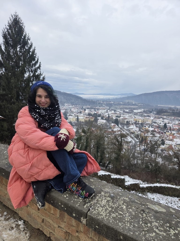 Aerul era rece, dar curat, cu miros subtil de lemn și de foc din coșurile fumegânde ale caselor. De sus, am văzut acoperișurile roșii, turnul cu ceas și străduțele care se pierd în curți ascunse.
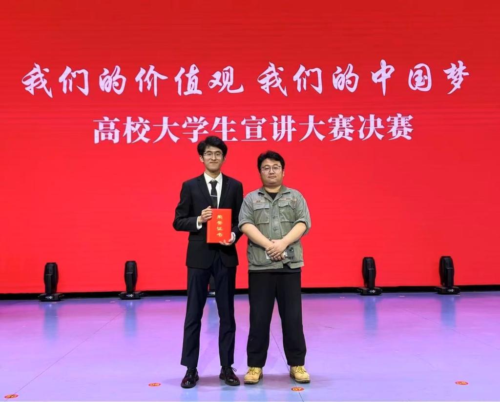 本次大赛决赛共有来自省内22所高校的32组选手参加,共计评选出一等奖3个、二等奖8个、优秀奖21个。自比赛启动以来,学校学院积极组织、认真备赛,经过学生报名、学院推荐、学校评审,最终刘士昊成功晋级。在决赛舞台上,他深情讲述了程卫民教授三十余载扎根矿山、潜心科研与育人的感人事迹,通过真实的故事再现,展现了程教授将论文写在祖国最需要的地方的科研担当,以及把生命活成一束光、照亮他人的师者情怀,为当代青年树立了精神标杆与价值榜样。
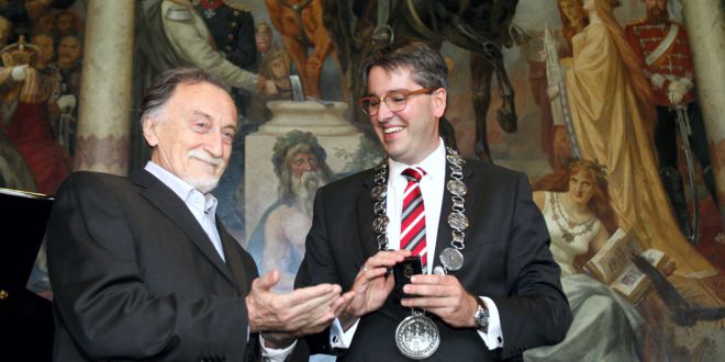 Oberbürgermeister Dr. Oliver Junk überreichte heute Mittag dem in Berlin und Charkow/Ukraine lebenden Künstler Boris Mikhailov in der historischen Kaiserpfalz den Kaiserring der Stadt Goslar, einen der renommiertesten Kunstpreise unserer Zeit. Der 77-jährige ukrainische Fotograf gilt heute als einer der angesehensten und einflussreichsten Vertreter zeitgenössischer Fotografie. Junk wies in seiner Festrede darauf hin, dass die Verleihung des Kaiserringes an Boris Mikhailov für die Stadt Goslar eine große Ehre darstelle. „Jeder Künstler spürt, dass hier eine herzliche Atmosphäre zur Ehrung seiner Person und seines Werkes entsteht und nimmt die zwei Tage in Goslar immer als positive Erinnerung mit“, sagte Junk. Kunst und Kultur steigerten die Attraktivität Goslars und der Kaiserring sei eine starke Marke der Stadt, so Junk weiter.
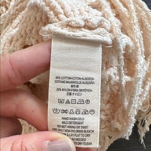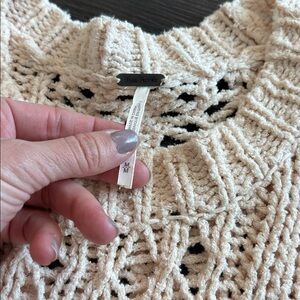 Free People higher love medium Open-Knit Fringe Crochet Sweater in Cream
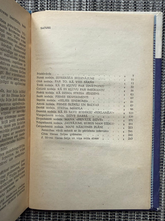 | "Mana mūža stress" ir Hansa Seljes autobiogrāfisks un populārzinātnisks darbs, kurā viņš apraksta savas teorijas par stresu rašanos un attīstību. Grāmatā skaidrots vispārējā pielāgošanās sindroms, stresa ietekme uz veselību, kā arī autora dzīves ceļš un altruistiskā egoisma ideja. Tā ir gan zinātnes, gan personības stāsts. | |
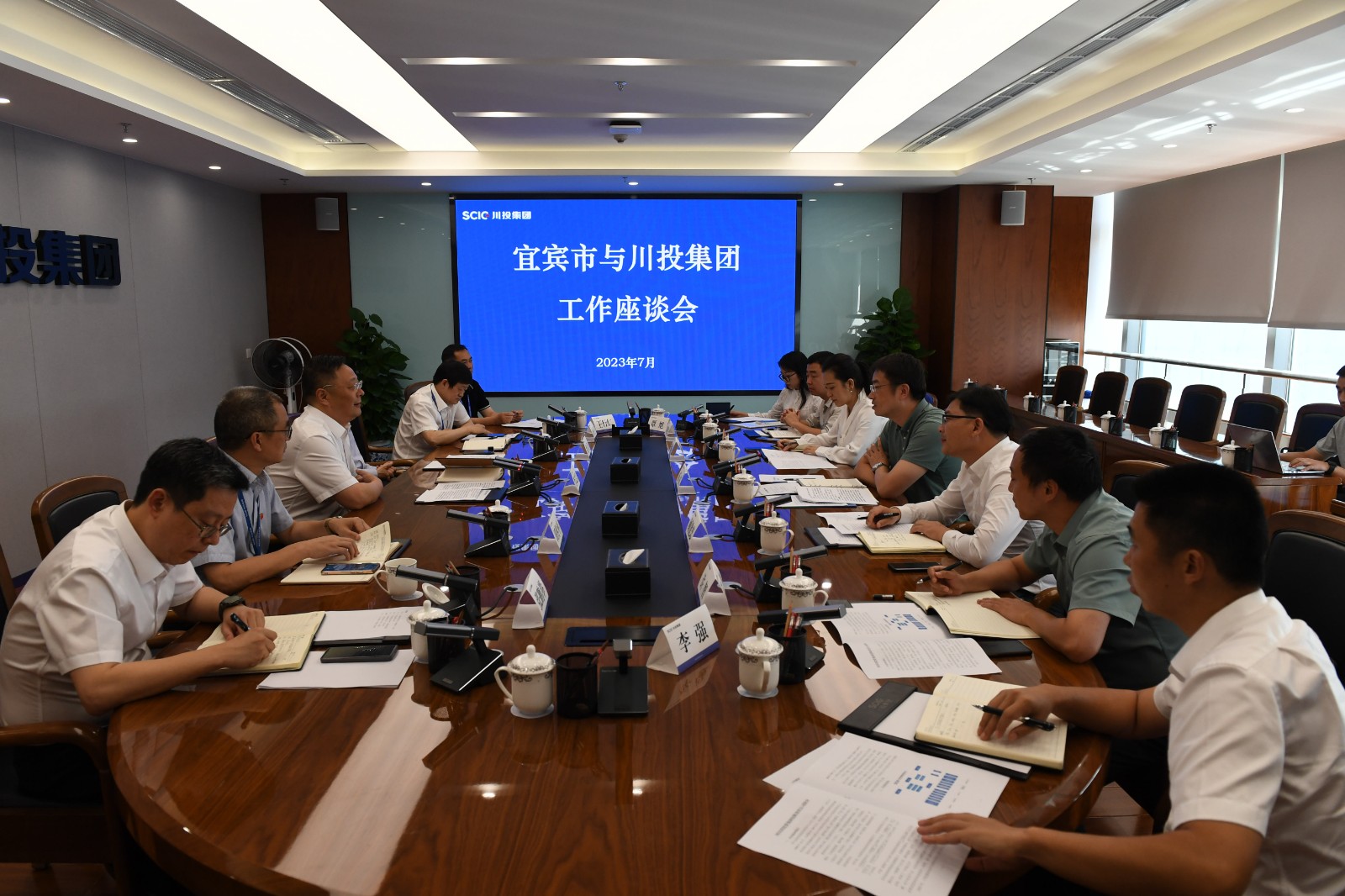7月14日,集团公司党委副书记、副董事长、总经理李文志与率队到访川投集团的宜宾市副市长薛庆开展工作座谈。

*-*-*

WORK TASK: Would you please copy the listing exactly, omitting every picture?

RESULT FOR THIS EXERCISE:
 Aerul era rece, dar curat, cu miros subtil de lemn și de foc din coșurile fumegânde ale caselor. De sus, am văzut acoperișurile roșii, turnul cu ceas și străduțele care se pierd în curți ascunse.
 本次大赛决赛共有来自省内22所高校的32组选手参加,共计评选出一等奖3个、二等奖8个、优秀奖21个。自比赛启动以来,学校学院积极组织、认真备赛,经过学生报名、学院推荐、学校评审,最终刘士昊成功晋级。在决赛舞台上,他深情讲述了程卫民教授三十余载扎根矿山、潜心科研与育人的感人事迹,通过真实的故事再现,展现了程教授将论文写在祖国最需要的地方的科研担当,以及把生命活成一束光、照亮他人的师者情怀,为当代青年树立了精神标杆与价值榜样。
 Oberbürgermeister Dr. Oliver Junk überreichte heute Mittag dem in Berlin und Charkow/Ukraine lebenden Künstler Boris Mikhailov in der historischen Kaiserpfalz den Kaiserring der Stadt Goslar, einen der renommiertesten Kunstpreise unserer Zeit. Der 77-jährige ukrainische Fotograf gilt heute als einer der angesehensten und einflussreichsten Vertreter zeitgenössischer Fotografie. Junk wies in seiner Festrede darauf hin, dass die Verleihung des Kaiserringes an Boris Mikhailov für die Stadt Goslar eine große Ehre darstelle. „Jeder Künstler spürt, dass hier eine herzliche Atmosphäre zur Ehrung seiner Person und seines Werkes entsteht und nimmt die zwei Tage in Goslar immer als positive Erinnerung mit“, sagte Junk. Kunst und Kultur steigerten die Attraktivität Goslars und der Kaiserring sei eine starke Marke der Stadt, so Junk weiter.
 Free People higher love medium Open-Knit Fringe Crochet Sweater in Cream
 | "Mana mūža stress" ir Hansa Seljes autobiogrāfisks un populārzinātnisks darbs, kurā viņš apraksta savas teorijas par stresu rašanos un attīstību. Grāmatā skaidrots vispārējā pielāgošanās sindroms, stresa ietekme uz veselību, kā arī autora dzīves ceļš un altruistiskā egoisma ideja. Tā ir gan zinātnes, gan personības stāsts. | |
7月14日,集团公司党委副书记、副董事长、总经理李文志与率队到访川投集团的宜宾市副市长薛庆开展工作座谈。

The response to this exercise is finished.